Окончательным крушением иллюзорной веры в возможность обрести вторую молодость стало последнее амурное приключение престарелого Осбруна, оказавшегося жертвой алчного корыстолюбия некоей Розетты, юной певички из оперного хора. «Частые кровопускания», которые та делала кошельку Барона, превратили «Рыцаря любовных дел» [5, с. 74] в «рыцаря скупости», заставив его «отказаться от ласк, которых он не мог чувствовать всей сладости и которые ему так дорого стоили» [5, с. 74]. Таким был финал моралистической повести Нугаре о семидесятилетнем старике, возмечтавшем обрести любовь, чтобы вернуть ушедшую молодость.

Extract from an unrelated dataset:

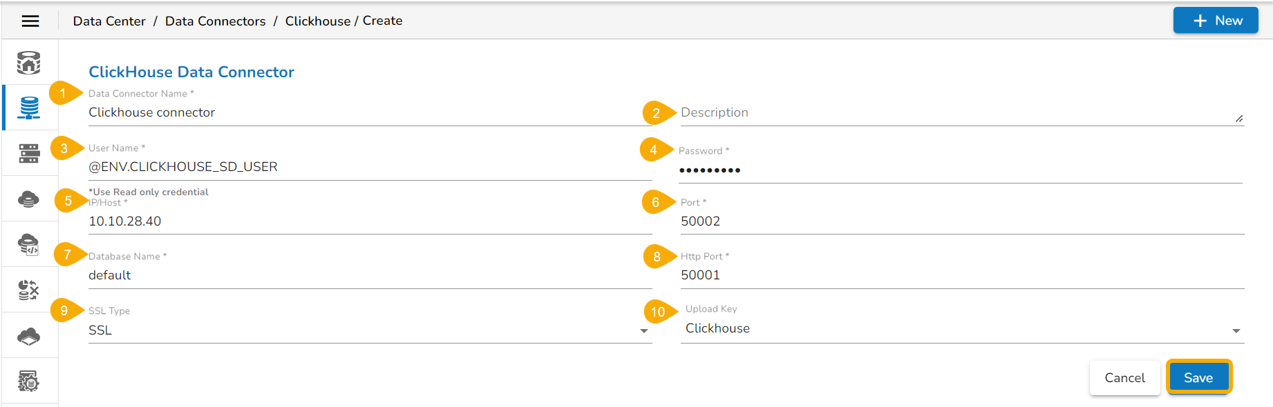 Provide the following information to create a ClickHouse Data Connector:
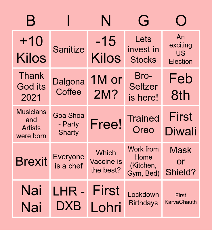 This bingo card has a free space and 29 words: Nai Nai, Welcome Home Oreo, Goa Shoa - Party Sharty, Tested Negative Feeling Positive, +10 Kilos, -15 Kilos, Dalgona Coffee, Everyone is a chef, Trained Oreo, LHR - DXB, First Diwali, First KarvaChauth, First Lohri, Lockdown Birthdays, Feb 8th, Lots of Clapping, Which Vaccine is the best?, Brexit, An exciting US Election, Musicians and Artists were born, Work from Home (Kitchen, Gym, Bed), Zoom Parties, Bro-Seltzer is here!, Thank God its 2021, Lets invest in Stocks, Sanitize, Mask or Shield?, 1M or 2M? and Did you take your Vitamins?.

Принципиально иную акцентуацию геронтологическая тематика с сопутствующим ей шлейфом анакреонтических мотивов женской красоты, любви, вина получила у Достоевского.
Мы не располагаем строго документированными подтверждениями знакомства автора «Дядюшкиного сна» с оригиналами или русскоязычными переводами сочинений плодовитого Нугаре, хотя и не исключаем такую возможность полностью. Как бы то ни было, но французская повесть о старике, одержимом idee fixe изменить природные ритмы человеческого существования, представляет несомненный интерес в качестве выразительного сегмента если не линейного, то парадигматического контекста названного выше произведения Достоевского. Колоритная фигура князя Гаврилы в отдельных деталях портретирования отмечена бросающимся в глаза сходством с незадачливым Бароном Осбруном, что объясняется, скорее всего, принадлежностью этих персонажей к общему исходному образному топосу с устойчивой парадигмой комического описания. Характерные для нее дескриптивные эле-
348
Liberal Arts in Russia 2014. Vol. 3. No. 5
менты, дополненные атрибутами рокайльного происхождения, использованы в качестве «кирпичиков», из которых сконструирован внешний облик «дядюшки». Вот его описание при первом появлении в доме Москалевой: «С первого, беглого взгляда вы вовсе не сочтете этого князя за старика и, только взглянув поближе и пристальнее, увидите, что это какой-то мертвец на пружинах. Все средства искусства употреблены, чтоб закостюмировать эту мумию в юношу. Удивительный парик, бакенбарды, усы и эспаньолка, превосходнейшего черного цвета, закрывают половину лица. Лицо набеленное и нарумяненное необыкновенно искусно, и на нем почти нет морщин. Куда они делись? - неизвестно. Одет он совершенно по моде, точно вырвался из модной картинки. На нем какая-то визитка или что-то подобное, ей-богу, не знаю, что именно, но только что-то чрезвычайно модное и современное, созданное для утренних визитов. Перчатки, галстух, жилет, белье и все прочее - все это ослепительной свежести и изящного вкуса. Князь немного прихрамывает, но прихрамывает так ловко, как будто и это необходимо по моде. В глазу его стеклышко, в том самом глазу, который и без того стеклянный. Князь пропитан духами. Разговаривая, он как-то особенно протягивает иные слова, - может быть, от старческой немощи, может быть, оттого, что все зубы вставные, может быть, и для пущей важности» [4, с. 310].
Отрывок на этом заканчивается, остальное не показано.